Munyficent!: 42nd Street rates a nearly perfect 10

Jun 17, 2009 at 4:00 am

It's the oldest "let's put on a show" plot in the world. At the end of Act One of 42nd Street, which this week opens the Muny season, the temperamental diva of an out-of-town musical breaks her ankle. Now the humorless director must swallow his pride and ask the chorus girl he has just fired to rejoin the company and save the show. And so, early in Act Two, he sings "Lullaby of Broadway." Most of us could sing along with him; it's a song we've known all our lives. Some of the lyrics are pretty hokey. Something to do with calling it a day because the milkman's on his way.

But when Robert Cuccioli sings "Lullaby of Broadway," he caresses the lyrics so tenderly that the familiar anthem becomes an unlikely love song. The director's devotion to theater is hidden between the lines, the same way the unspoken love story in The King and I resides between the lines. Up till now Cuccioli's stage director, Julian Marsh, has barked and snarled in the same imperious manner that the actor might use to portray the King of Siam. Finally, in this one song he allows us to penetrate his reserved façade. After the first verse or two, Marsh is joined by everyone in the production, all of them singing and dancing their hearts out about milkmen. And when, on opening night, the bravura number climaxed with the entire ensemble onstage, as the audience roared its approval, Cuccioli — not Julian Marsh the tough director, but Cuccioli the visiting actor — looked at costar Shannon M. O'Bryan (she who has decided to stay and save the show) and for the first time all night smiled. It was the kind of spontaneous, surprised smile that seemed to be saying, "So this is what it's like to stop a show at the Muny. This is fun!"

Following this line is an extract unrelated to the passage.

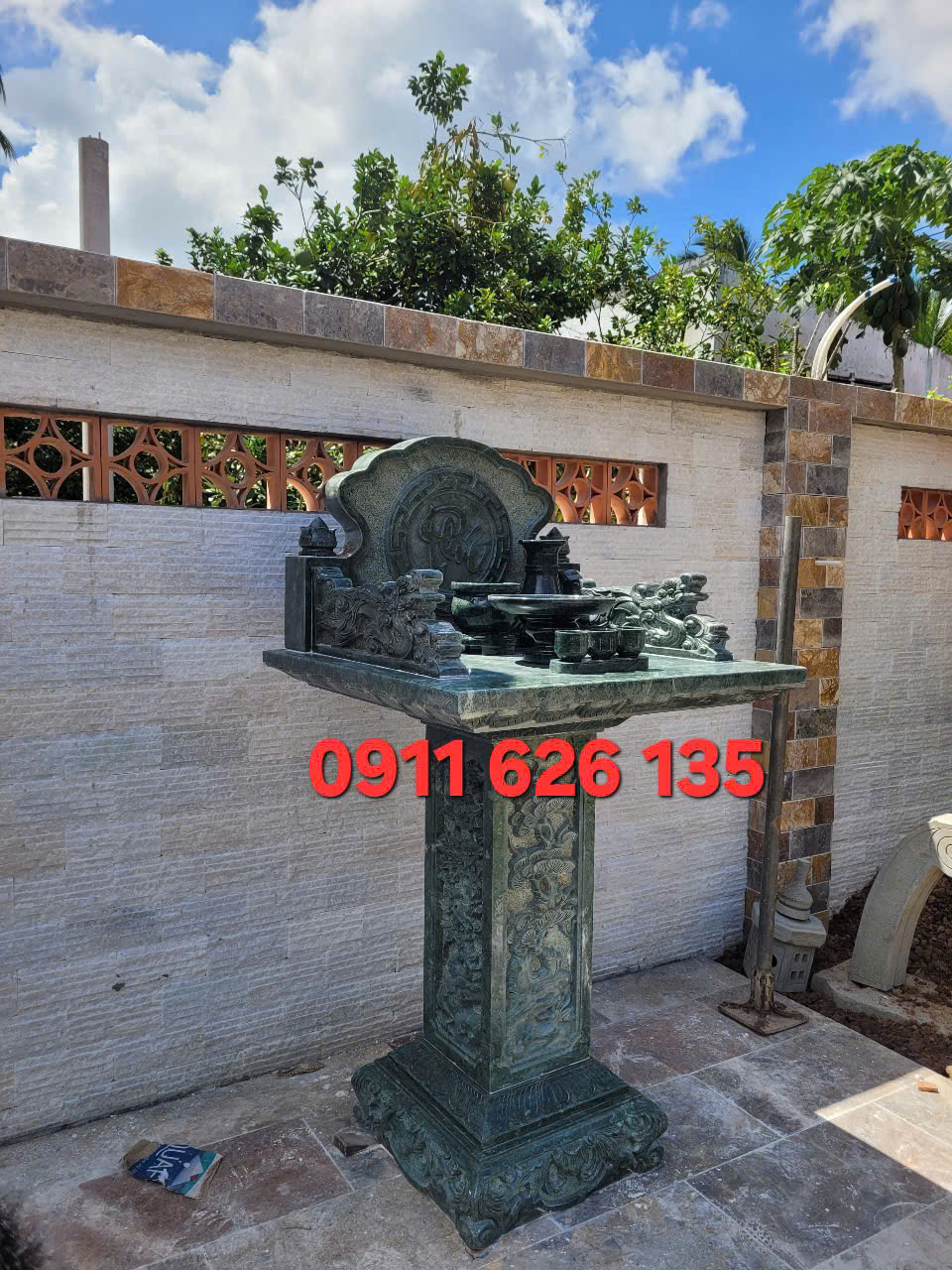Chất liệu đá tự nhiên giúp bàn thờ bền bỉ, không bị ảnh hưởng bởi mưa nắng, phù hợp với không gian ngoài trời.

42nd Street, which was originally assembled in 1980 by theater genius Gower Champion, is filled with savvy theater craft. One of its many wonders is that the show-stopping "Lullaby of Broadway" is followed by the simplest song of the evening. "About a Quarter to Nine" is actually a kind of benediction, wherein our haughty diva (she of the broken ankle) reveals her innate decency and blesses her young replacement. The sum total of the choreography here is for the two actresses to sit still and gently sway their arms. Yet the effect is sheer magic. By evening's end Dee Hoty's diva has become a kind of oxymoron, for she emanates a severe warmth. Her portrayal of Dorothy Brock is nigh perfect.

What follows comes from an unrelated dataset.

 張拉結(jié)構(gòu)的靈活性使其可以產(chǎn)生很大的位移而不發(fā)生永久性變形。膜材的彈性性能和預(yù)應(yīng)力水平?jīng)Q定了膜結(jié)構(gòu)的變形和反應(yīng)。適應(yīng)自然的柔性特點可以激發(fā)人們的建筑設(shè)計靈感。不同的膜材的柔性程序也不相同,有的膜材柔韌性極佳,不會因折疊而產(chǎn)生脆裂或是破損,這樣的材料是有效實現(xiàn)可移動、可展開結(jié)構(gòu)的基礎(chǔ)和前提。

As for the ingénue, I've seen many a Peggy Sawyer through the years. Most are terrific dancers. But Shannon M. O'Bryan also embodies the show's essence: In her Sandra Dee curls, she is a paean to innocence. And completely captivating.

Choreographer Kelli Barclay has drilled the dancers to near perfection. Director Lee Roy Reams is surely responsible for the sense of detail that permeates the production. Reams created the role of Billy Lawlor (here enacted with disarming energy by Todd Lattimore) in the original Broadway production, so he knows the show to his core. He has paid attention to every second, every gesture, every inflection.

There are in fact numerous small flaws in the production; casting choices, for instance, that surely were beyond Reams' control. Yet these flaws shrivel before the mounting momentum of what works. (It works, for instance, for so much of the action to occupy the full Muny stage, thus keeping the intrusive booms out of sight whenever possible.) This 42nd Street keeps getting better as the brisk evening plays out. By the end, when Julian Marsh reminds us that "Broadway dreams still do come true," we are prone to believe him, for there are moments here so skillfully executed that they play like a dream. The Muny is off to a crackerjack start.